No exterior, um amigo que vivia em Brighton (Inglaterra) costumava me perguntar: "Quando você vai voltar para a cadeia?". A cadeia, no caso, era o Brasil. Corria o ano de 1982. Eu tinha me autoexilado e trabalhava como general help em um bed & breakfast. General help era o sujeito que fazia um pouco de tudo no hotel. Chegava às 7h. Ajudava a preparar o café da manhã. Arrumava as camas. Passava aspirador. Fazia as reservas dos hóspedes. Levava as malas pra cima e pra baixo. Às 13h, pontualmente, descia ao subsolo, onde tomava uma pint morna com o dono. Saía do trabalho e ia almoçar um sanduíche com a minha mulher no parque, se o tempo estivesse bom. Às 14h, entrava na escola. À noite, no apartamento que havíamos alugado, assistia à programação da BBC, sempre excepcional. Era uma vida gostosa a que eu levava no exílio. Era estranho, mas eu vivia melhor como faxineiro na Inglaterra do que como jornalista no Brasil. Não era só o salário que era melhor. Na época, sentia uma sensação de liberdade indescritível por ter saído de um país sob jugo de uma Ditadura Militar.


Terminado o autoexílio, voltei para a "cadeia". Em outros anos, tive a oportunidade de viver novamente no exterior, mas sempre retornei para a "cadeia", expressão que nunca me saiu da cabeça.

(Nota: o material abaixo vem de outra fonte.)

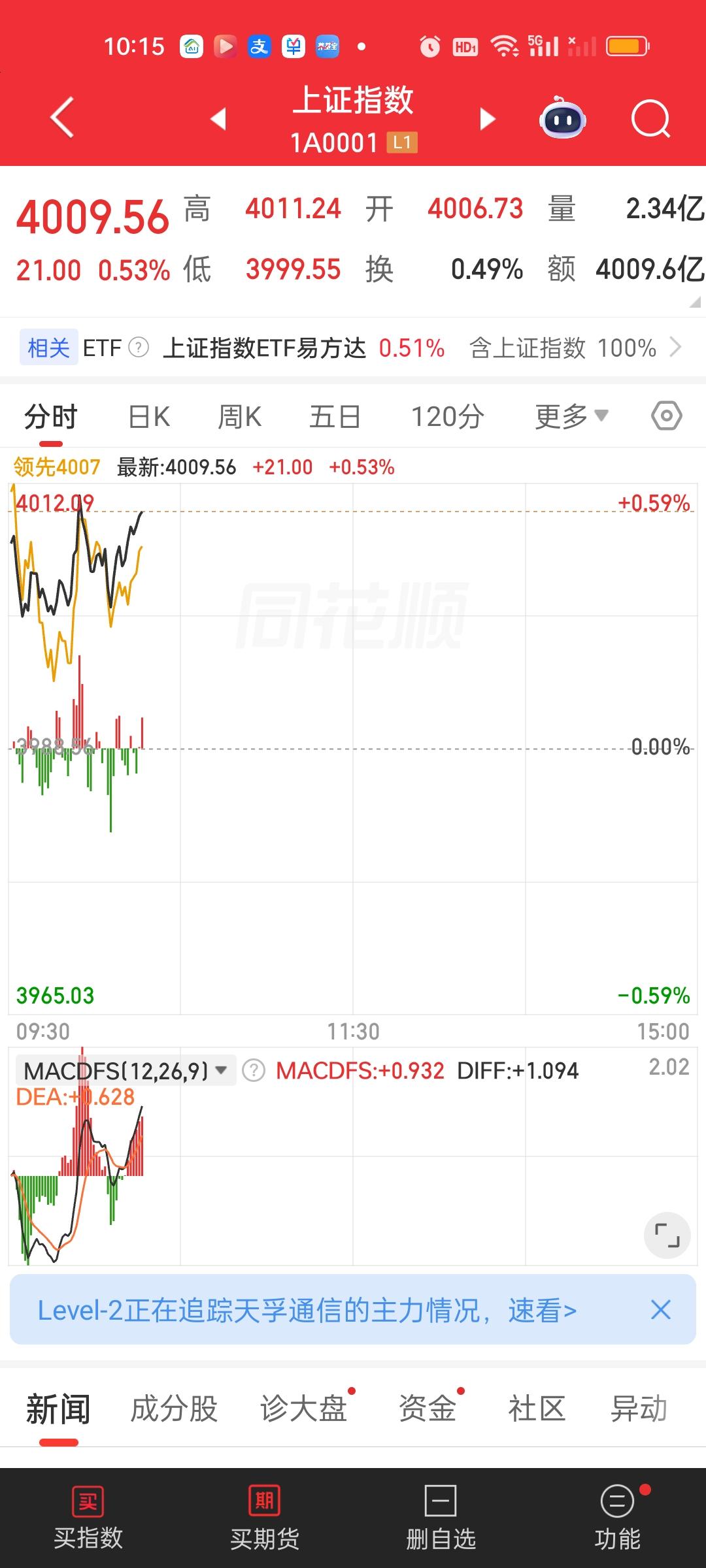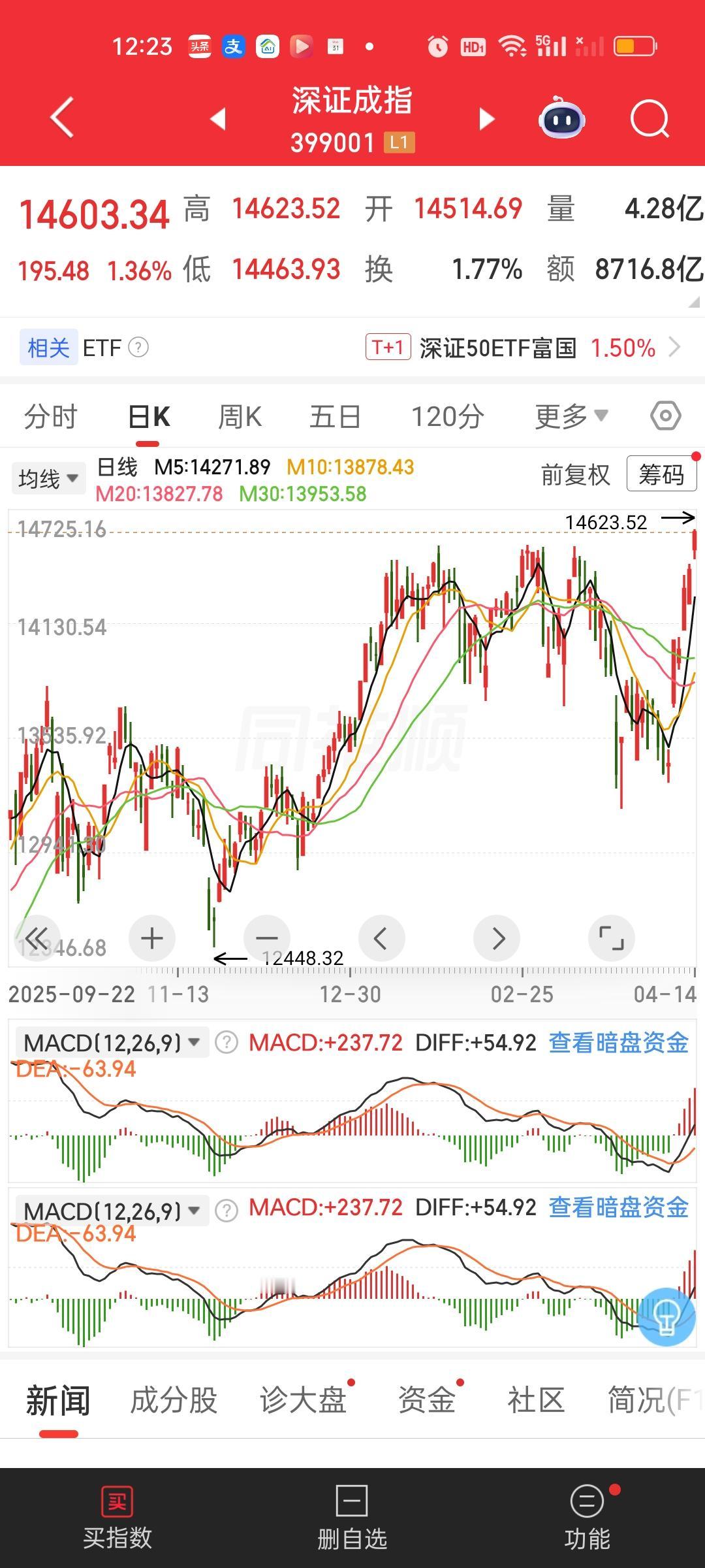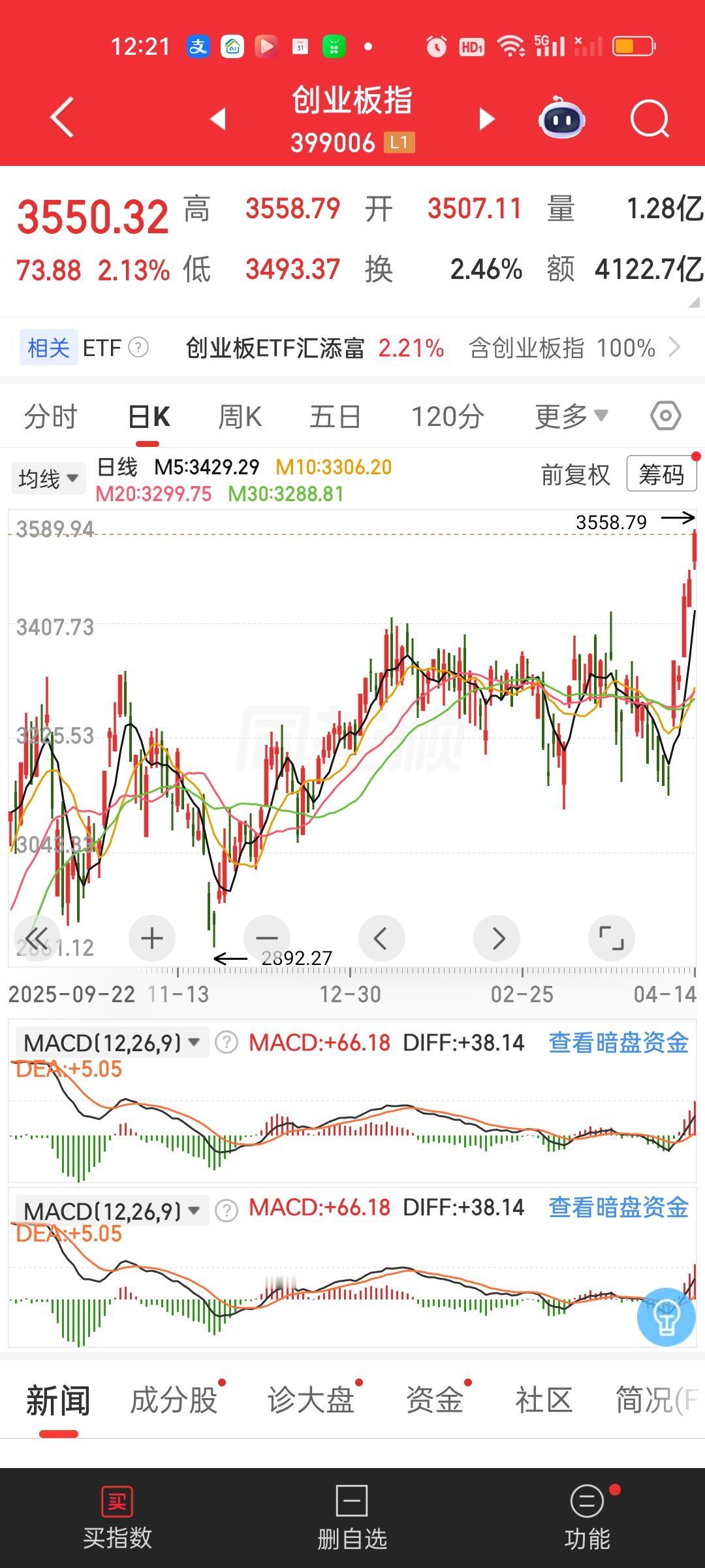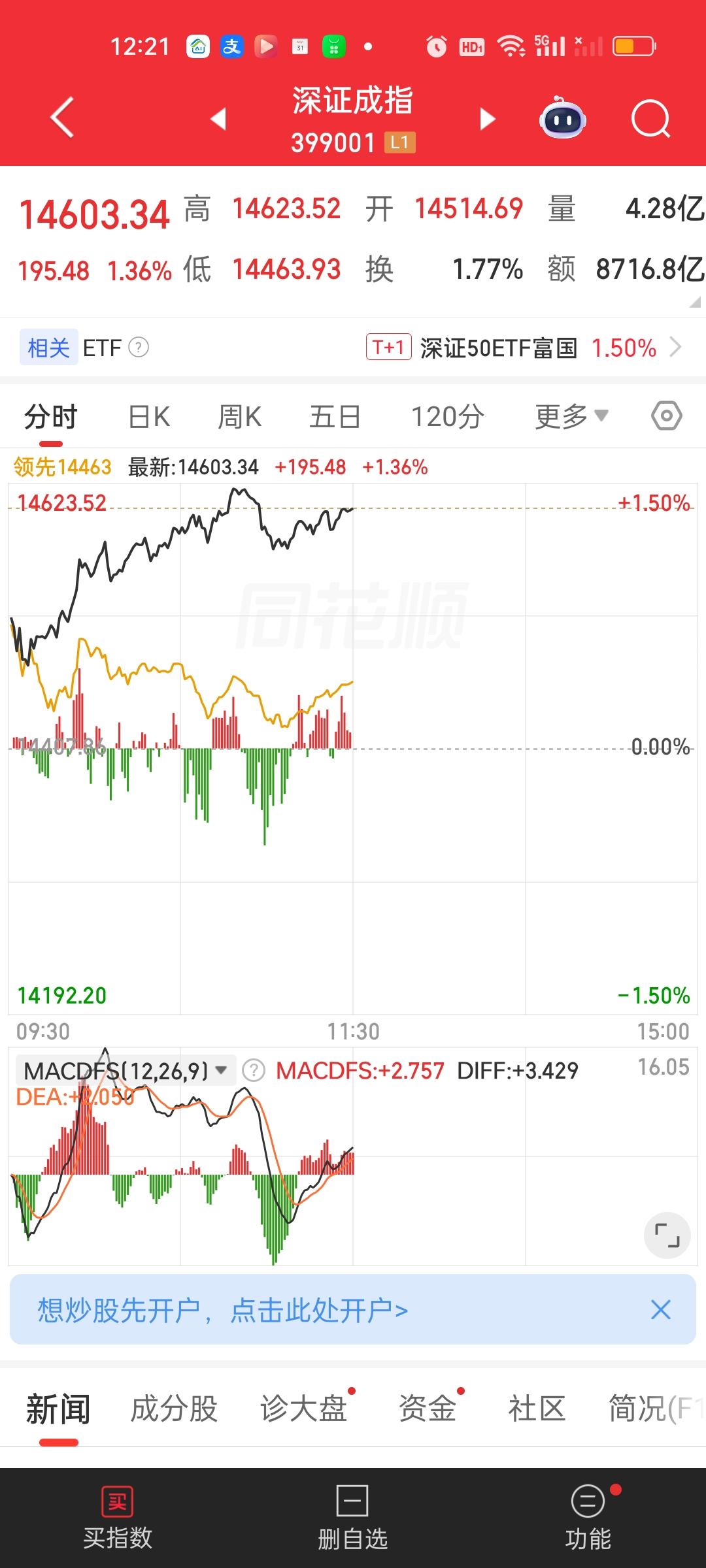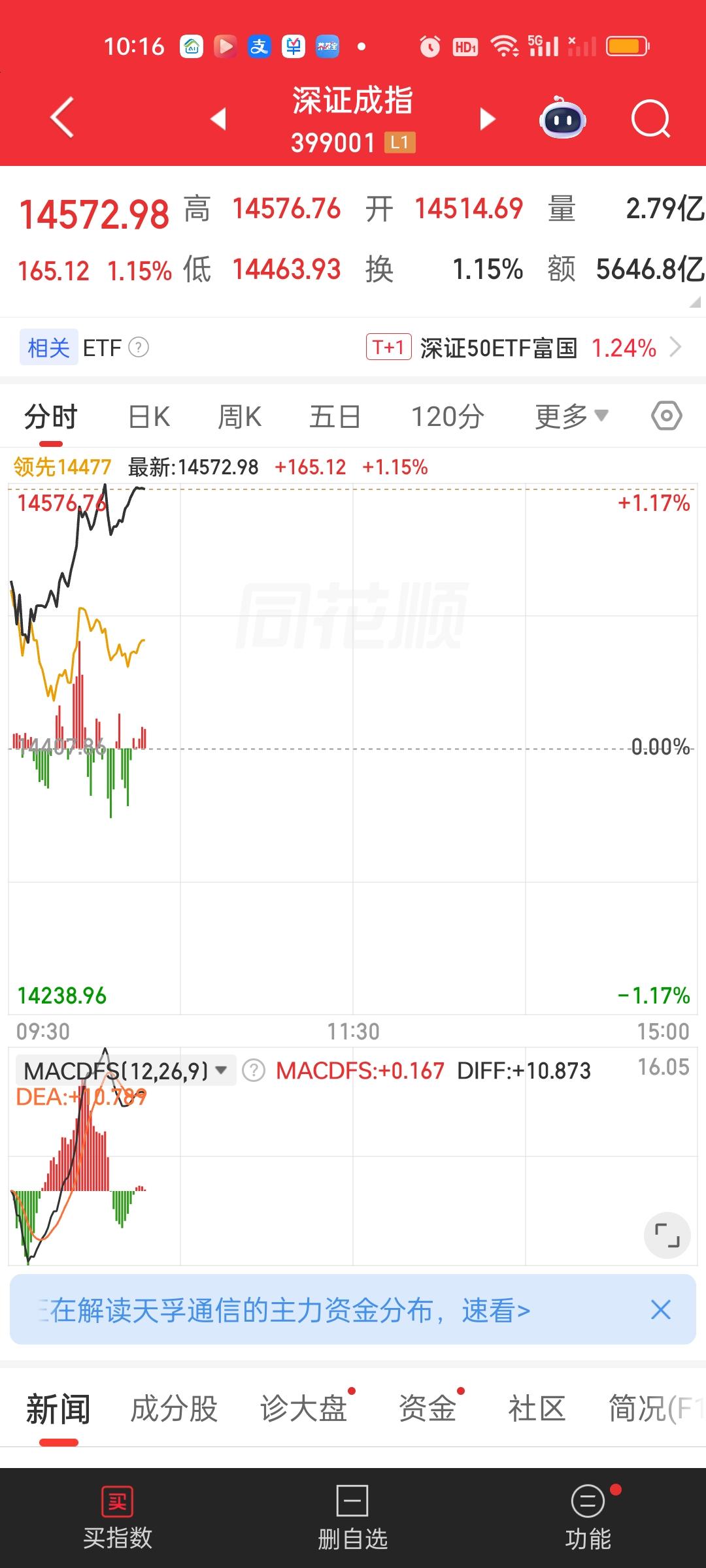 中午收盘来看,深圳成指创出近5年新高,创业板指再创新高。成交量放量947亿,大盘资金净流出51.84亿,但上涨家数和下跌家数几乎一致,涨跌停比57:7,有一半的个股还是跌的,这说明今天并不是普涨行情,而是明显产生分化了,有的板块能赚钱,有的板块依旧会产生亏损。

Fazendo um retrospecto, não me lembro de uma época boa, passada no Brasil. Às vezes, você está feliz, de bem com a vida, sorridente e é só andar na rua para a realidade brutal acabar com seu bom humor. O cordão de miséria envolve nossas cidades, envolve nossas ruas, nossos pescoços. A miséria não é somente opressora, ela é dominadora. Mesmo nos governos bem-sucedidos de FHC (primeiro mandato) e Lula (os dois mandatos), a miséria continuou prevalecendo, embora tenha sido minimizada.

Como jornalista, a serviço da FT, ganhava um salário ridículo, mas pelo menos os proprietários do grupo jornalístico conseguiam manter uma conta polpuda na Suíça, fiquei sabendo anos mais tarde, pós-escândalo do HSBC. Sorte deles, azar o meu que nunca tive conta na Suíça e nem polpuda.

Não é só a miséria da exploração do trabalhador que nos aflige. Existem outras misérias, maiores e mais robustas. Começa nas periferias das cidades. São bairros novos que surgem de um dia para o outro, sem planejamento, sem infraestrutura. As casas vão se amontoando, o esgoto circulando pelas vielas, a criançada crescendo no meio do caos urbano, sem lazer, sem perspectiva. O poder público se omite - como sempre - e a criminalidade impera.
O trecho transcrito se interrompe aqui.